▸ WHAT YOU NEED TO DO
Transcribe the records below word for word, beginning with the first line and stopping after the line that contains "Типовой проект сп/I"; pictures are not part of the copy.

▸ INPUT RECORDS
# # # # # # #

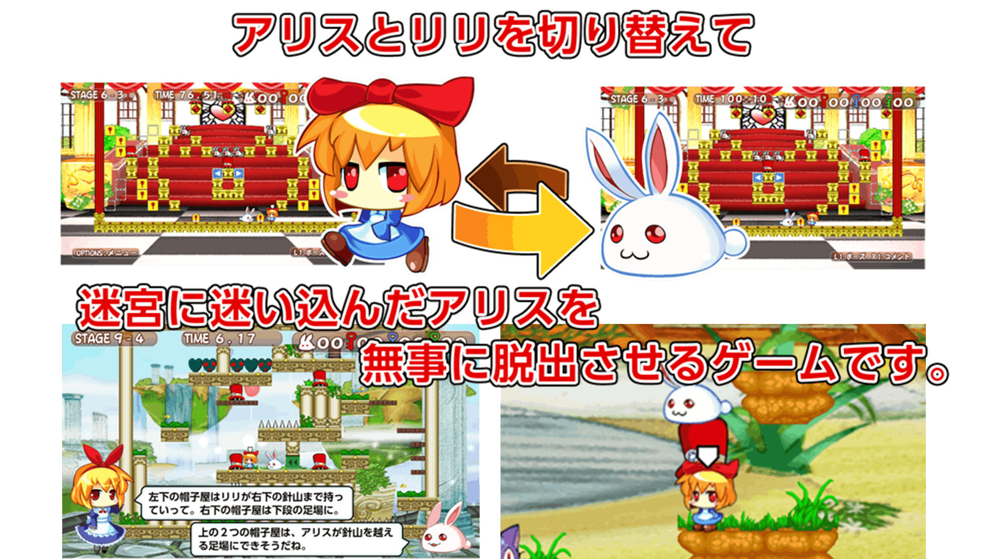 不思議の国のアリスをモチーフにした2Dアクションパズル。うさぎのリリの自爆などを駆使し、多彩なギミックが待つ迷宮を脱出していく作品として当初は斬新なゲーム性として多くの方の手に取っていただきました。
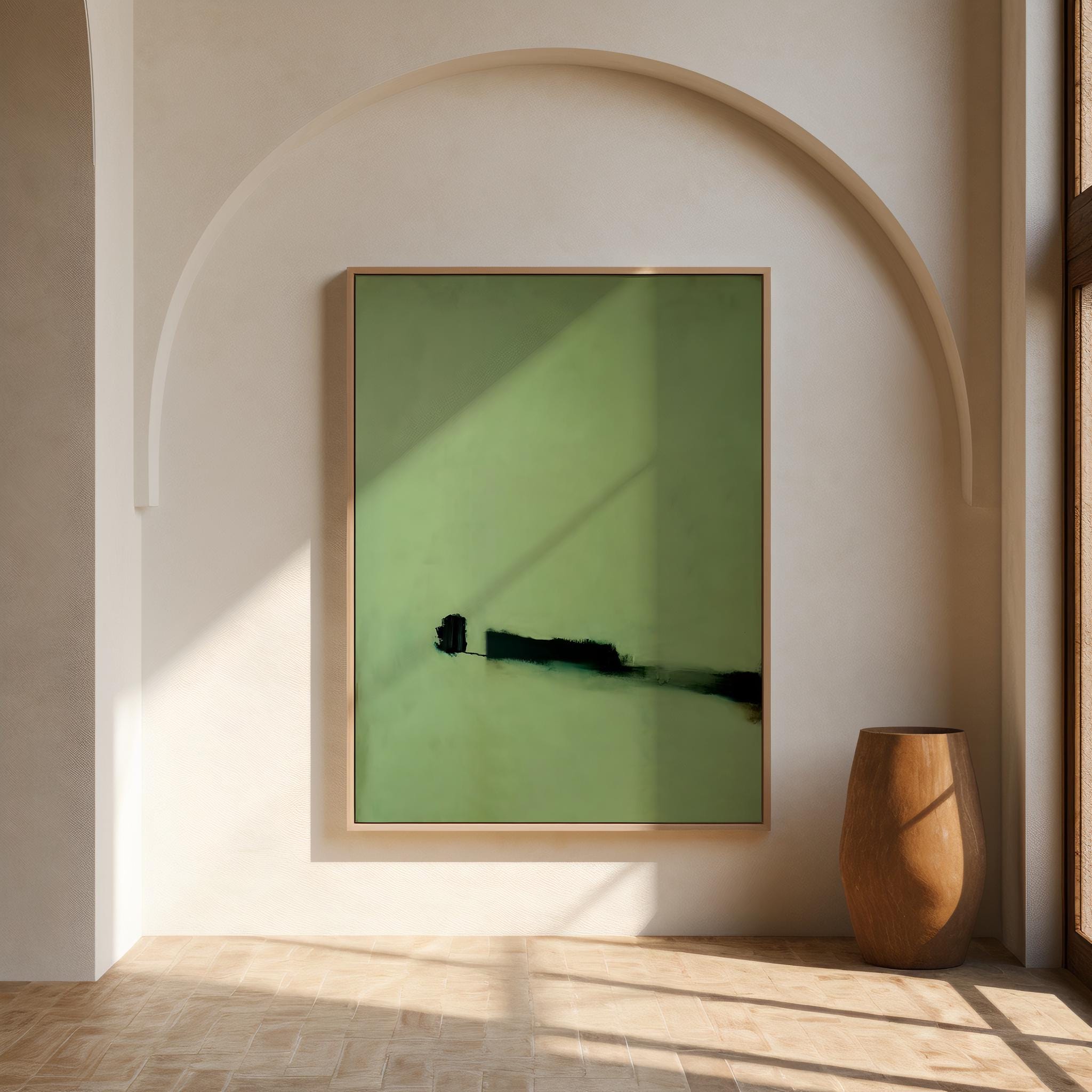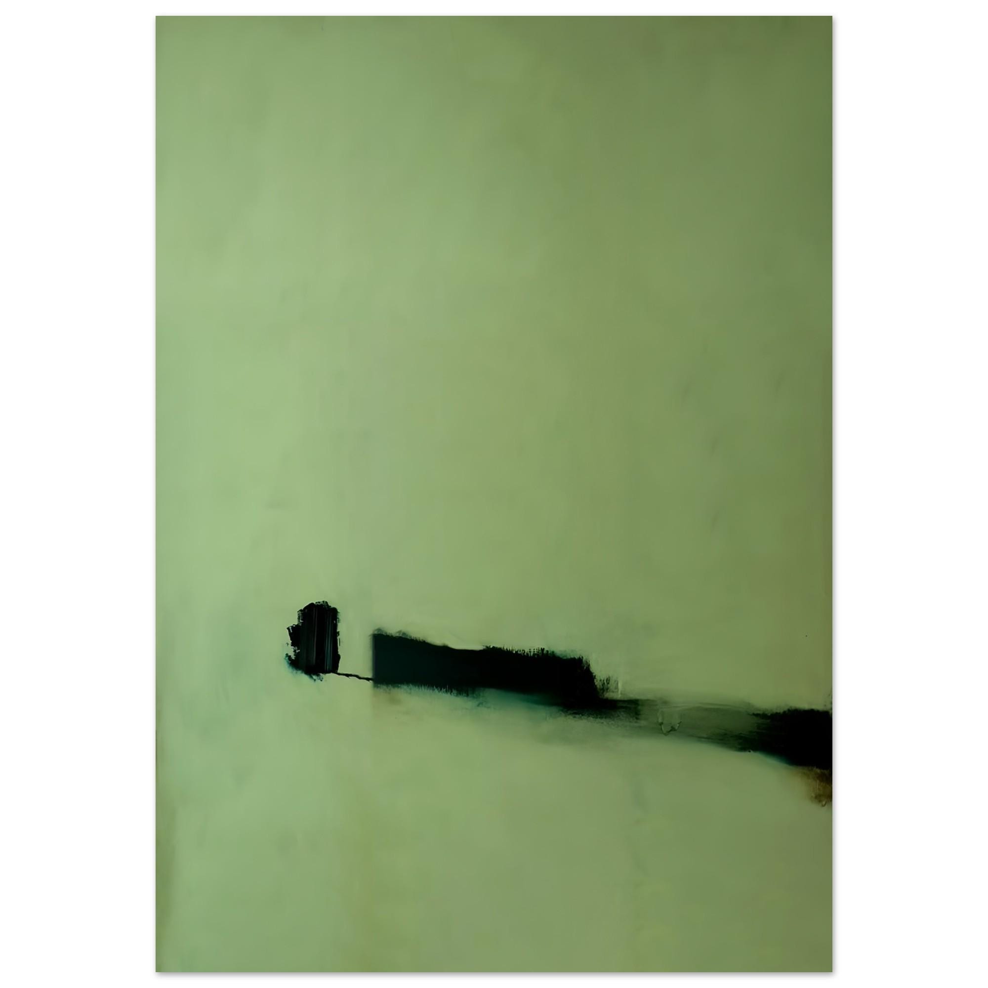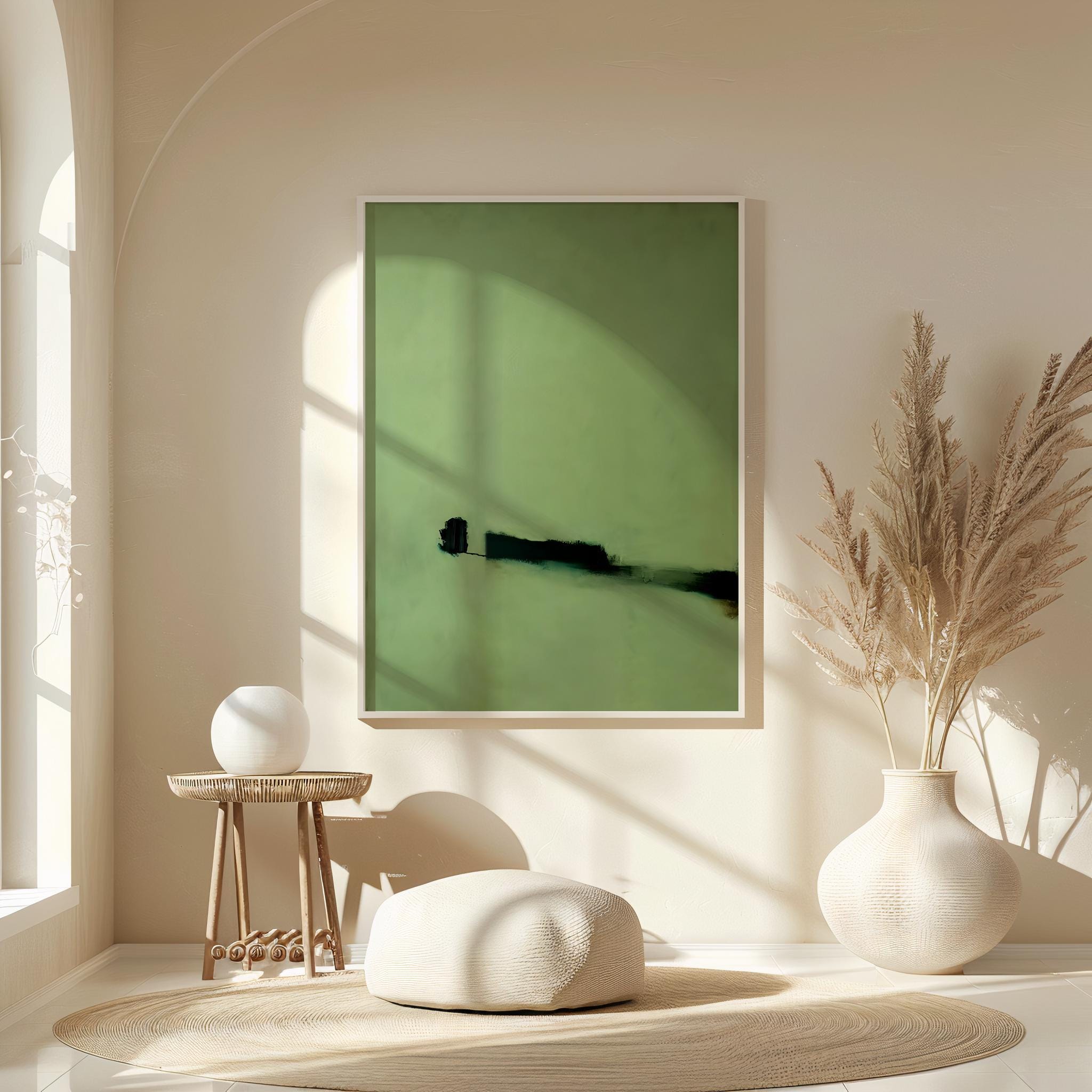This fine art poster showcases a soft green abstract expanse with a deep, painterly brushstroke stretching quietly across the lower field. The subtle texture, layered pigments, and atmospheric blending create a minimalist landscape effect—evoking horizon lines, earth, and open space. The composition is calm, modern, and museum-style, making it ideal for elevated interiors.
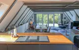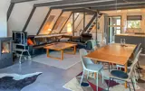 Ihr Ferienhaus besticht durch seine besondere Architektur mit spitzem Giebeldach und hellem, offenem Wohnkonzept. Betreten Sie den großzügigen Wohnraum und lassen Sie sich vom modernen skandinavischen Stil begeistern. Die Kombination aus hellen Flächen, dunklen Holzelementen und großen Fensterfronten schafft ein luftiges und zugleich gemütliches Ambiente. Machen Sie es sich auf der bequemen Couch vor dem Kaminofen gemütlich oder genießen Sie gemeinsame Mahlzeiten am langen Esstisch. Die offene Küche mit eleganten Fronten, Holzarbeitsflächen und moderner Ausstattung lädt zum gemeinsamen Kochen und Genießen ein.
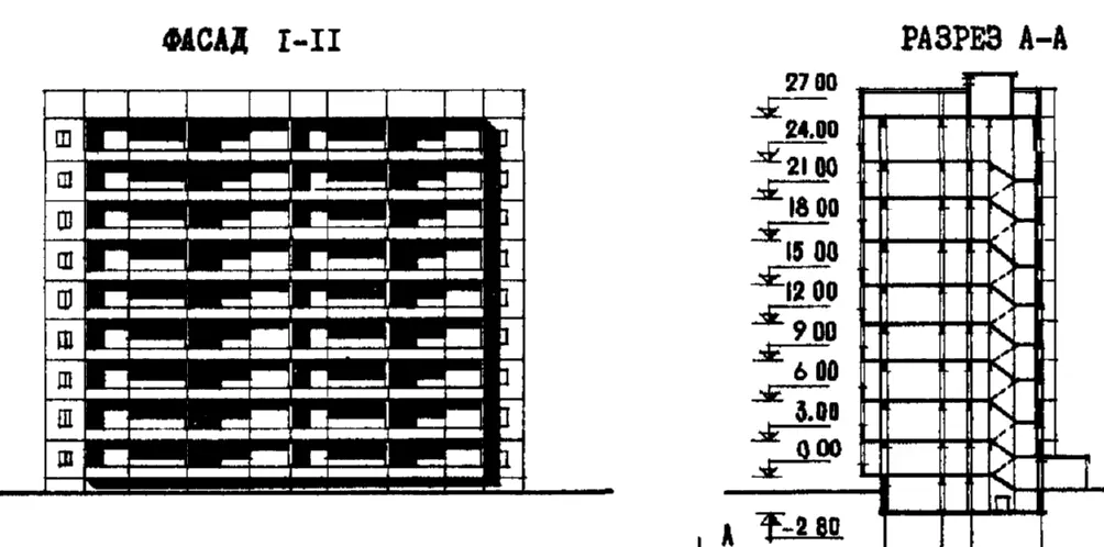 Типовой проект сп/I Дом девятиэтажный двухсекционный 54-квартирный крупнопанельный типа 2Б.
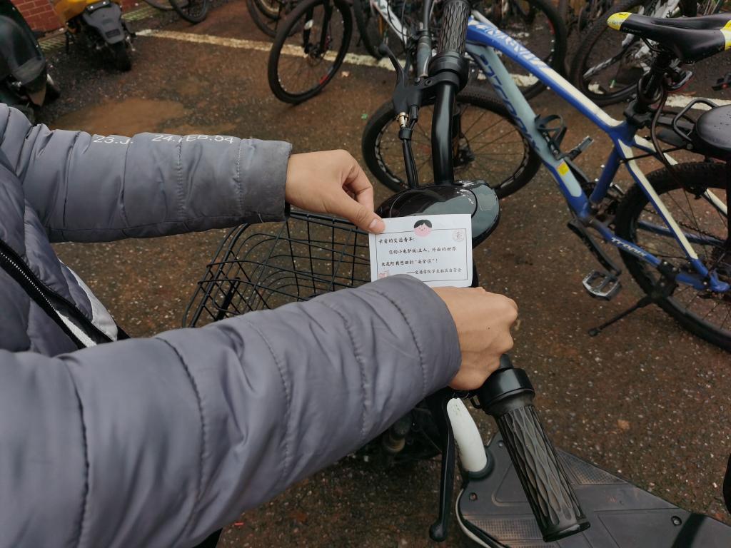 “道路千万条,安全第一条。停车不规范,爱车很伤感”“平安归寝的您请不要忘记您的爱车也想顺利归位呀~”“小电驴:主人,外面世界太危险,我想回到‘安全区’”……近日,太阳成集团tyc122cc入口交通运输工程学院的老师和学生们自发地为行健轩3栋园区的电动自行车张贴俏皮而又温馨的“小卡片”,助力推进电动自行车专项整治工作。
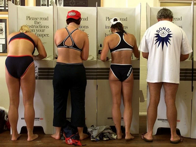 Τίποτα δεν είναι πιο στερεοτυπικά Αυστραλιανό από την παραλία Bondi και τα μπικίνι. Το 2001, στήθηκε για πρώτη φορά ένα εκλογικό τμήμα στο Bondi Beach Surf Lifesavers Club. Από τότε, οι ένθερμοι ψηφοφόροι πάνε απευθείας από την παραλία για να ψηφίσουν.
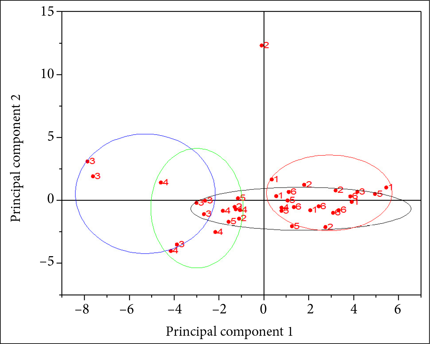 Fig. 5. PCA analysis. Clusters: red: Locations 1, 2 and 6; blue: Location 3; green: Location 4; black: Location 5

# # # # # # #

▸ RESULT OF THIS TASK
 不思議の国のアリスをモチーフにした2Dアクションパズル。うさぎのリリの自爆などを駆使し、多彩なギミックが待つ迷宮を脱出していく作品として当初は斬新なゲーム性として多くの方の手に取っていただきました。
This fine art poster showcases a soft green abstract expanse with a deep, painterly brushstroke stretching quietly across the lower field. The subtle texture, layered pigments, and atmospheric blending create a minimalist landscape effect—evoking horizon lines, earth, and open space. The composition is calm, modern, and museum-style, making it ideal for elevated interiors.
 Ihr Ferienhaus besticht durch seine besondere Architektur mit spitzem Giebeldach und hellem, offenem Wohnkonzept. Betreten Sie den großzügigen Wohnraum und lassen Sie sich vom modernen skandinavischen Stil begeistern. Die Kombination aus hellen Flächen, dunklen Holzelementen und großen Fensterfronten schafft ein luftiges und zugleich gemütliches Ambiente. Machen Sie es sich auf der bequemen Couch vor dem Kaminofen gemütlich oder genießen Sie gemeinsame Mahlzeiten am langen Esstisch. Die offene Küche mit eleganten Fronten, Holzarbeitsflächen und moderner Ausstattung lädt zum gemeinsamen Kochen und Genießen ein.
 Типовой проект сп/I Дом девятиэтажный двухсекционный 54-квартирный крупнопанельный типа 2Б.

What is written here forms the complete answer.